Os jantares na minha casa estavam se tornando silenciosos e desagradáveis. Minhas irmãs eram novas demais para entender o que estava acontecendo e meus pais perdiam a paciência muito fácil quando elas perguntavam o que estava se passando. Meus pais estavam em crise, porque tinham adquirido o trauma da Primeira Grande Guerra. Tinham medo de tudo voltar novamente, verem que eles amam indo embora, tudo que eles haviam conquistado, tirado deles... isso era o que mais os deixava aflitos.

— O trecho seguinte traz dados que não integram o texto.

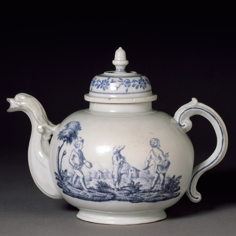 Teapot, Doccia porcelain factory, 1742-1745. Museum no. C.407-1928. Hard-paste porcelain with transfer-printed figures, hand-painted background and stencilled decoration. As early as the 1740s the Doccia factory in Italy experimented with transfer-printed and stencilled decoration. But it was in England that the technique was fully exploited on porcelain, notably at Worcester and Caughley in the second half of the 18th century.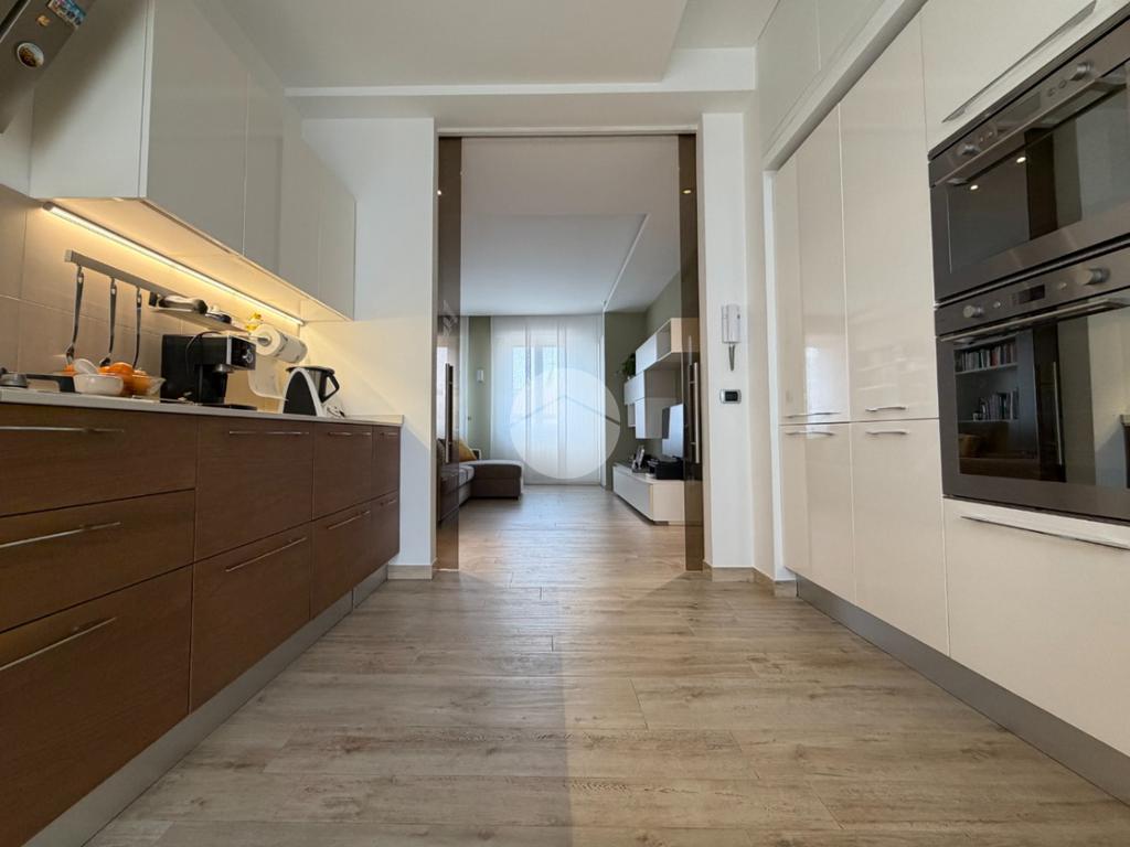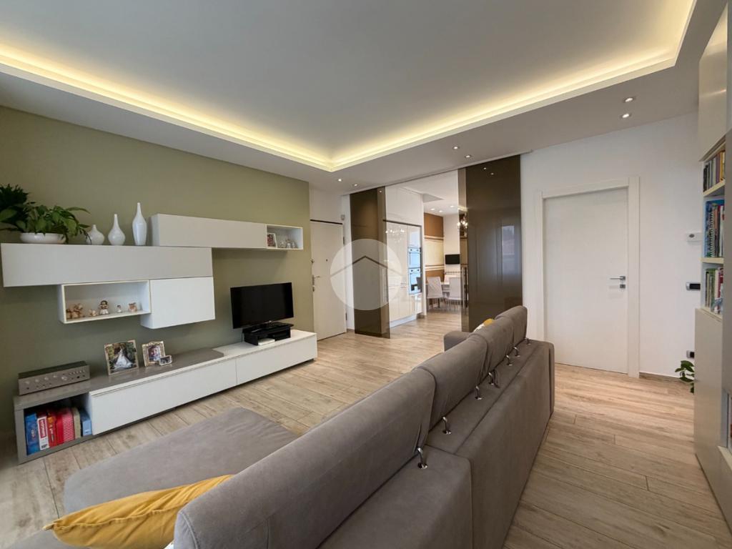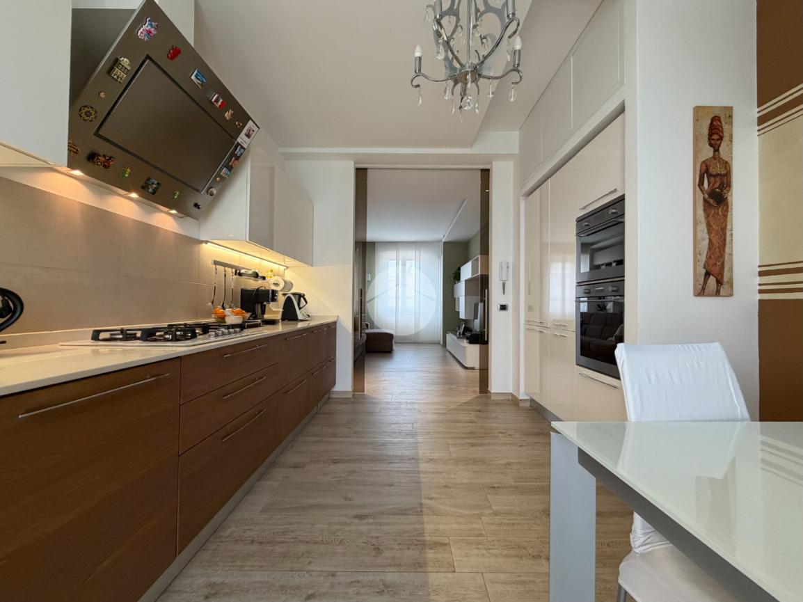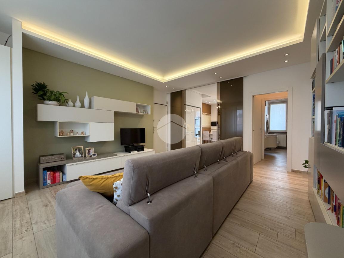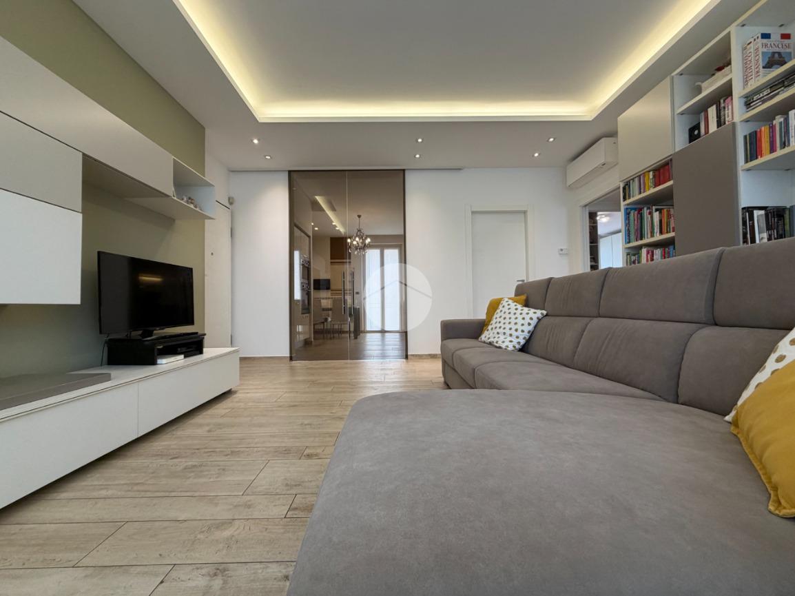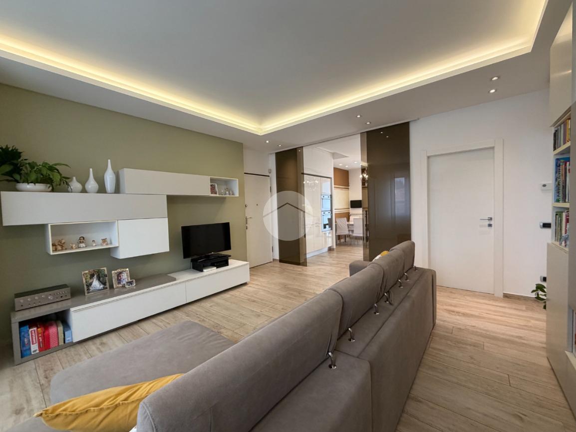 Proponiamo in vendita splendido appartamento di tre locali, recentemente ristrutturato e mantenuto in condizioni impeccabili grazie alla cura dei proprietari. L’ingresso si apre su un comodo e luminoso soggiorno, collegato a una cucina abitabile di ampie dimensioni, separata da una doppia porta in vetro fumé che divide elegantemente gli ambienti mantenendo al tempo stesso continuità e luminosità. La zona notte è composta da due camere matrimoniali e doppi servizi entrambi finestrati: uno dotato di doccia e l’altro con vasca e doccia. È presente inoltre un pratico antibagno sfruttato con armadiatura, ideale come spazio ripostiglio. Dalla cucina e da una delle camere si accede a un comodo balcone, mentre dalla camera matrimoniale si accede anche a un ulteriore balcone privato. L’appartamento si presenta in ottime condizioni, grazie a una recente ristrutturazione interna e a finiture moderne come pavimentazione in grès porcellanato effetto parquet, porte interne in legno sbiancato extra capitolato, infissi in PVC con doppio vetro, zanzariere e inferriate, tapparelle motorizzate in alluminio su tutte le finestre, impianto di antifurto e aria condizionata con pompa di calore. Gli alti soffitti sono valorizzati da eleganti abbassamenti in cartongesso che, oltre a dare carattere agli ambienti, permettono una gestione personalizzata dell’illuminazione e creano una moderna veletta per il binario delle tende. I bagni sono rifiniti con materiali di qualità e dotati di box doccia in cristallo da 10 mm marca Vismara. La casa è stata progettata in modo funzionale e razionale, così da sfruttare al meglio ogni spazio, e si presenta tenuta in modo impeccabile. Completano la proprietà una cantina, oltre alla quota di comproprietà con i restanti condomini del fabbricato sia di ampi locali comuni posti al piano sottotetto sia al piano seminterrato

Culpá-los por se sentir assim era inaceitável, julgando pelas perdas que ambos os dois haviam passado, anos antes. Mas como sempre, preferiam não ter uma opinião ativa com tudo isso; acredito que tinham mais medo do que tudo, o que levou-nos, também, a não ter um caráter nazi-fascista tão forte como a maioria dos alemães do nosso país. Jamais se envolvendo nos discursos do Partido Alemão Nazistas, ficamos a parte de tudo isso.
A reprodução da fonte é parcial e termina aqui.